Addressing the meaning of “purchase” in the context of multi-vehicle policies, the Pennsylvania Supreme Court relied on the interpretation of the state Insurance Commissioner in its opinion in Sackett II. See id. The Commissioner advised that “purchase” did not include the addition of vehicles to an existing unstacked policy, because
once unstacked coverage is chosen and a policy is issued on that basis, the mere subsequent addition of a vehicle (an ‘add-on’) to the policy is not ‘the new purchase of coverage’ that would require a new waiver under section 1738. No new waiver is necessary because the policyholder has already decided that the policy is to be issued on an unstacked basis and any subsequently added vehicle enjoys the coverages already present in the existing policy.
Id. at 93 (quoting Statement of Commonwealth of Pennsylvania Insurance Commissioner and Department in Support of Application for Reargument at 8). The Third Circuit has since predicted that the Pennsylvania Supreme Court would apply the same reasoning if faced with a similar issue in a case involving a single-vehicle policy; a waiver signed at the inception of a policy would remain valid despite the addition of different vehicles or subsequent renewals of the policy. Id.

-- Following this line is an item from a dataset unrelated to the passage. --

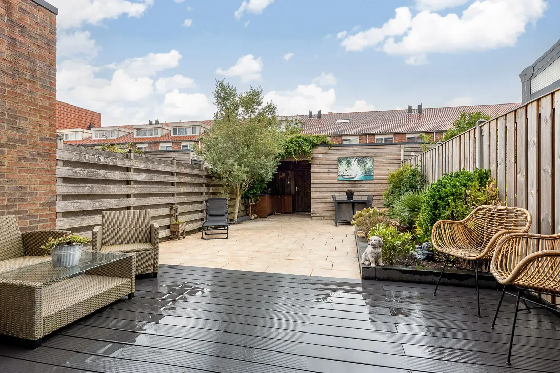 De woning beschikt over een prachtige, goed onderhouden tuin van 65m2 met een zuidwestelijke ligging, ideaal voor zonnige middagen en avonden buiten. De tuin is bereikbaar vanuit de woonkamer via schuifdeuren en heeft ook een achterom. Daarnaast is er een vrijstaande houten berging met elektriciteit en een veranda.
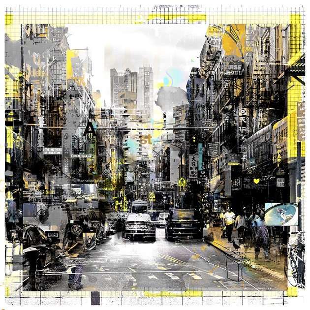 Met een mix van digitale manipulatie, grafische vormgeving, verf- en sjabloontechnieken geeft de kunstenaar een heel eigen dimensie aan de zaken die we dagelijks om ons heen hebben, van schilderij tot meubel, mode en sculpturen. Stoere, ongepolijste energie van de stad afgezet tegen kwetsbaarheid van menselijke interactie.

Here, the Insurance Commissioner’s definition weighs in Robin Zerr’s favor. By dropping UIM coverage entirely in 1999, she rendered the stacking waiver she signed in 1993 irrelevant; Robin Zerr could not waive stacking on coverage she no longer maintained. By adding UIM coverage again on October 27, 1999, she completed a “new purchase of coverage” within the meaning of the MVFRL. Cf. id. (applying the Insurance Commissioner’s definition of “purchase” to conclude that additional stacking waivers were not required for new vehicles added to a single-vehicle policy where insured waived stacking at the inception of the policy). An insurer’s failure to obtain a stacking waiver entitles its insured to stack UIM coverage. See Sackett III, 4 A.3d at 640–41. Nationwide obtained no such waiver for Robin Zerr’s re-purchase of UIM coverage on October 27, 1999. Robin Zerr is therefore entitled to stacked benefits under her UIM policy.
IV. CONCLUSION
Defendants have demonstrated that no disputed issue of material fact precludes summary judgment on Robin Zerr’s claim for stacked benefits. However, neither Defendants nor Nationwide has established whether Kephart’s Lincoln General policy was available to satisfy Defendants claims following the August 2004 accident. The Court will therefore grant Defendants’ motion in part and otherwise deny the parties’ motions for summary judgment. An Order consistent with this Memorandum will be docketed separately.